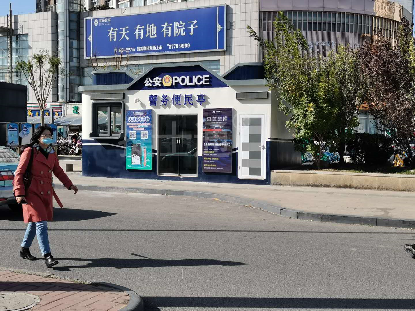 在公交處設(shè)立值班室成品房,可加強(qiáng)治安力度,提升群眾生活安全質(zhì)量,顏色采用警藍(lán)色和白色,整體莊嚴(yán)肅靜,深入人心 。
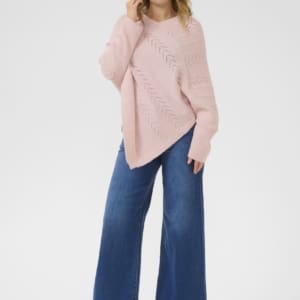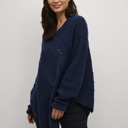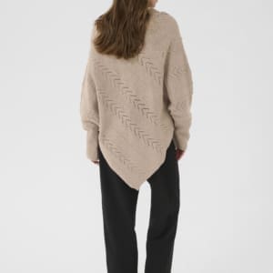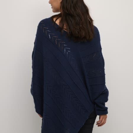Härlig stickad poncho med fint mönster från Cream. V- ringad och bred mudd vid ärmslutet.
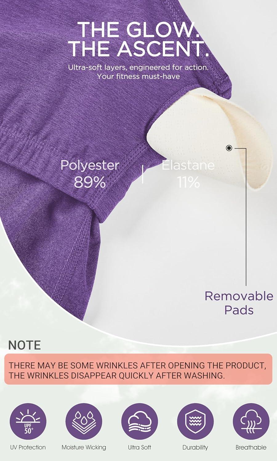 ODODOS Women’s Slim Racerback Cropped Tank – Stratum Tech Sports Bra, Ultra Soft UPF 50+ Cami Top with Built-in Bra(Ultra Violet Heather)
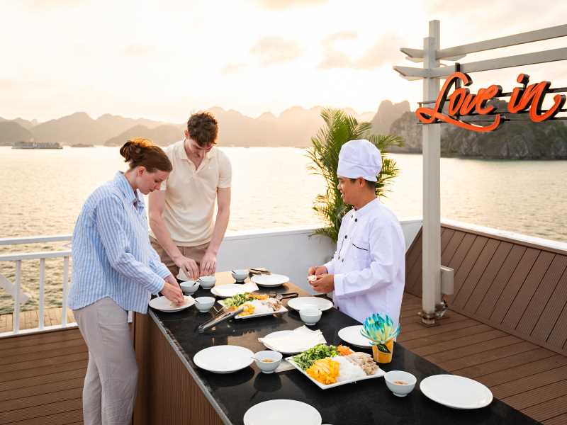 Enjoy wine and fresh fruits while taking part in the cooking demonstration. Our chef will show how to make Vietnamese fresh spring rolls, and you will have the chance to taste the dish you prepared yourself.
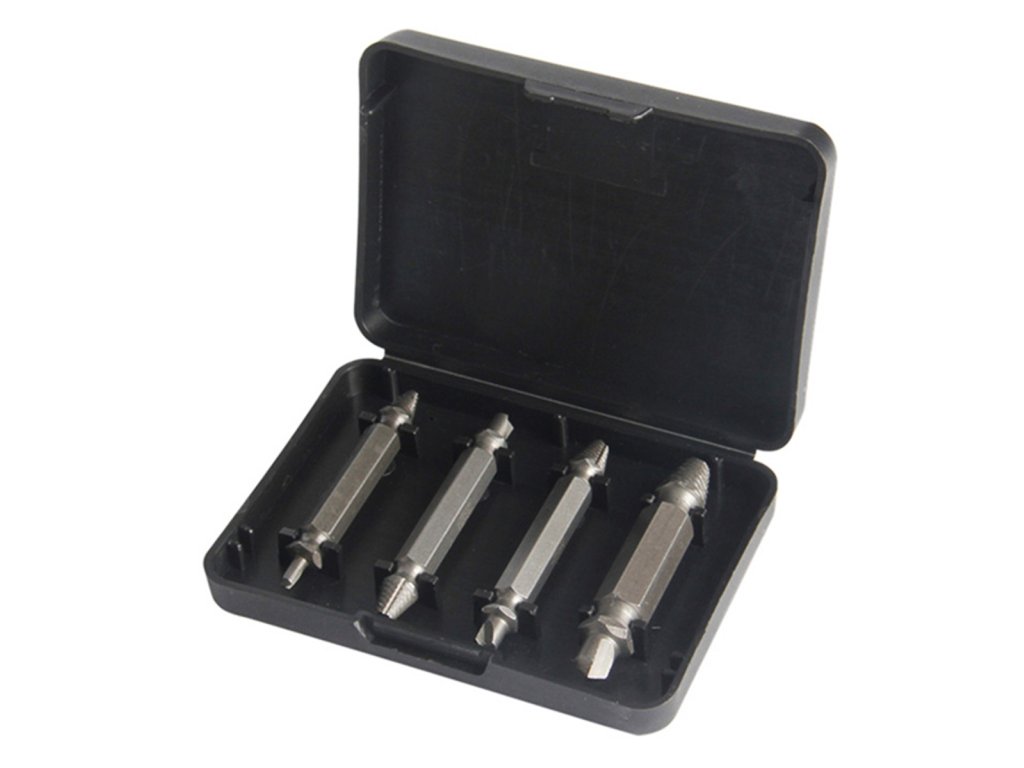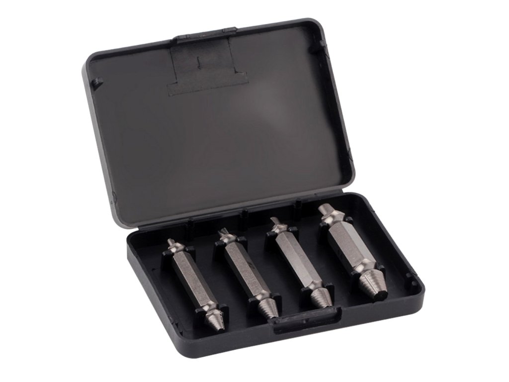 4 különböző méretű lehúzó készlet a lecsupaszított csavarok és csavarok eltávolításához. A szerszámok tömör szerszámacélból készülnek, amely nagyon nagy igénybevételnek is ellenáll! A készlet rendkívül sokoldalú, akár 4 különböző méretű lehúzóból áll, lehetővé téve a legnépszerűbb méretű sérült vagy elakadt csavarok eltávolítását! Az egészet egy esztétikus műanyag dobozba csomagolták!

————————

## Exercise description
Reproduce only the lines from the beginning of the data through the line that contains "Härlig stickad poncho", both included, and please drop the pictures.

## Reply to the exercise
 在公交處設(shè)立值班室成品房,可加強(qiáng)治安力度,提升群眾生活安全質(zhì)量,顏色采用警藍(lán)色和白色,整體莊嚴(yán)肅靜,深入人心 。
Härlig stickad poncho med fint mönster från Cream. V- ringad och bred mudd vid ärmslutet.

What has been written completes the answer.